Archive for June 2007

Using the Merge Statement in SQL Server 2008

It’s been a busy couple of weeks, but I’ve finally found some time to play around with the June CTP of SQL Server 2008. One of the items that caught my interest was the MERGE statement. This is a new addition to the T-SQL language that lets you perform INSERTs, UPDATEs, and DELETEs against a table in a single statement. You specify a source table to compare to, and what conditions should result in an UPDATE vs. an INSERT.

This is a fairly common scenario in data warehousing, where you may need to either insert new rows into a fact table, or update existing rows with new information. Here’s a an example scenario to illustrate this. A store sends an hourly feed of transactions that have occurred in the last hour. You need to populate a fact table that should contain a monthly total for each customer, showing how many of each product were purchased in the month and how much was spent. The fact table needs to updated each time the hourly sales transaction comes in, so that it is always current. And you have to take into account that a customer may have already purchased an item in the same month, so you may need to update an existing row in the fact table rather than insert a new one.

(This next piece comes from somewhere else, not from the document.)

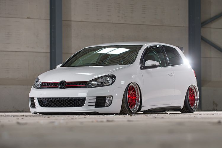 Modifikasi VW Golf Mk6 milik Daniel Coates, pria asal Inggris, sukses tampil modis dan mentereng berkat asup pelek Rotiform BLQ-T warna merah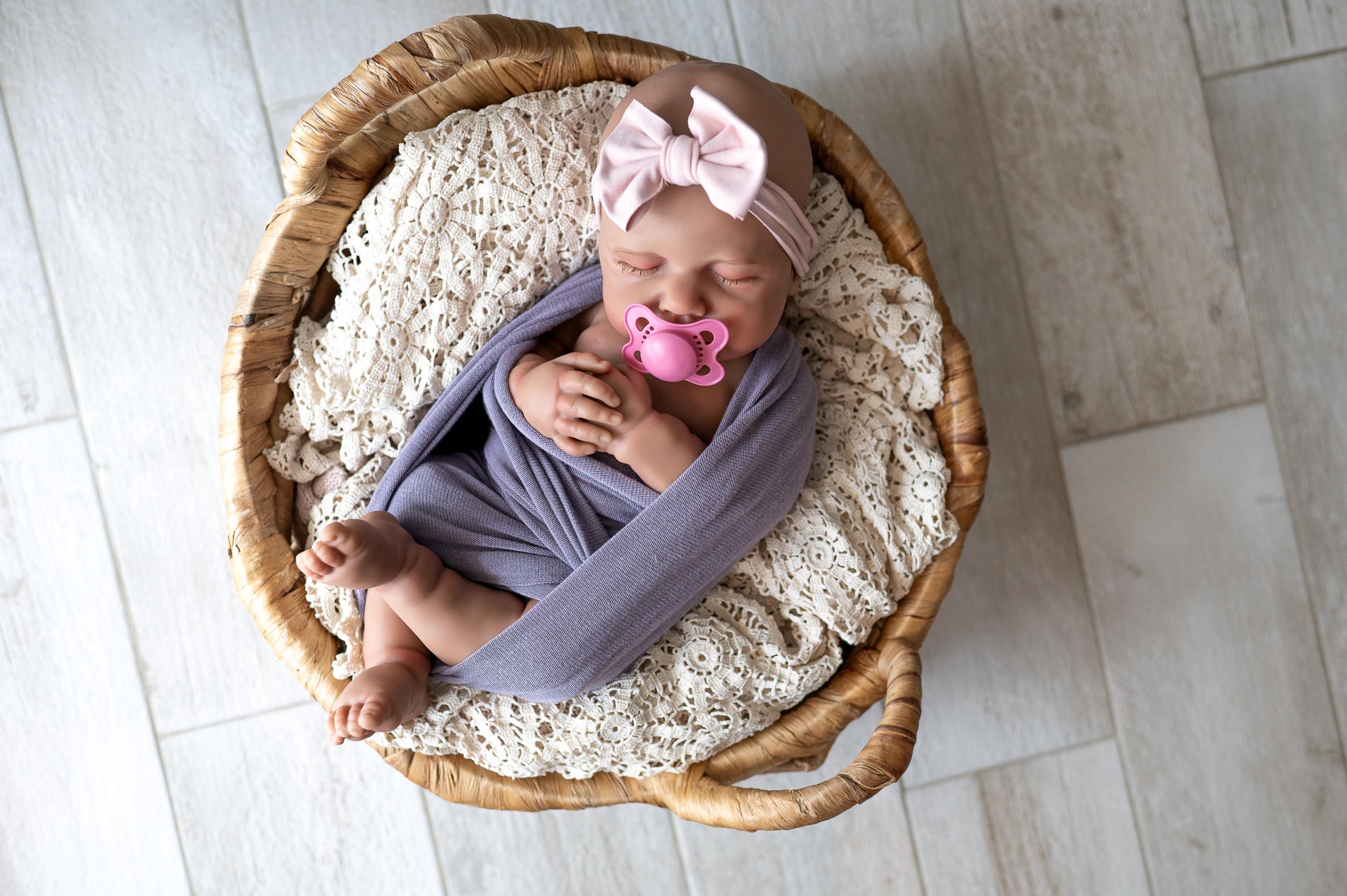 Forever Young Dolls Co Birth Certificate Dressed in a Gerber long sleeve kimono shirt and diaper Hospital ankle bracelet An extra adorable outfit Newborn socks A boho bib A boho headband A modified pacifier (if you opt to have her mouth opened) A bottle A burp cloth

Our fact table looks like this:

CREATE TABLE [dbo].[FactProductSalesSnapshot](
    [DimCustomerID] [int] NOT NULL,
    [PurchaseDateID] [int] NOT NULL,
    [DimProductID] [int] NOT NULL,
    [Quantity] [int] NOT NULL,
    [SalesAmount] [money] NOT NULL
)

and the merge table (the source for the MERGE statement) looks like this:

CREATE TABLE [dbo].[SalesTransactionStage](
    [SalesTransactionID] [int] NOT NULL,
    [CustomerID] [int] NOT NULL,
    [DateID] [int] NOT NULL,
    [ProductID] [int] NOT NULL,
    [Quantity] [int] NOT NULL,
    [SalesAmount] [money] NOT NULL,
    [BatchID] [tinyint] NOT NULL
)

The batch ID indicates which batch of hourly sales transactions this row belongs to. To merge this in, you’d execute the following statement:

MERGE FactProductSalesSnapshot AS fact
USING (
  SELECT
      CustomerID
      ,DateID
      ,ProductID
      ,Quantity
      ,SalesAmount
  FROM SalesTransactionStage
 WHERE BatchID = 4
) AS src
ON (    fact.DimProductID = src.ProductID
    AND fact.DimCustomerID = src.CustomerID
    AND fact.PurchaseDateID = src.DateID )
WHEN MATCHED THEN
    UPDATE SET
        fact.Quantity = fact.Quantity + src.Quantity
        ,fact.SalesAmount = fact.SalesAmount + src.SalesAmount
WHEN NOT MATCHED THEN
    INSERT (DimCustomerID, PurchaseDateID, DimProductID, Quantity, SalesAmount)
        VALUES (src.CustomerID, src.DateID, src.ProductID, src.Quantity, src.SalesAmount);
 
 

To break this statement down a little bit, the USING (..) portion defines the source for the Merge to use for comparisons (the SalesTransactionStage table defined previously). The ON clause works like the ON clause in a JOIN statement, and determines how the source is matched against the target. In this case, we’re joining on the Product, Customer, and Date keys.

The WHEN MATCHED clause determines what should happen if we find a match. We are performing an UPDATE, and adding the values from the stage table to existing balance in the fact table. WHEN NOT MATCHED indicates that this particular combination of product, customer, and date does not yet exist, so the new values are inserted.

The WHEN clauses also support conditional logic, so we could add additional logic to catch returns (where the quantity is less than zero) and store that information in a separate column.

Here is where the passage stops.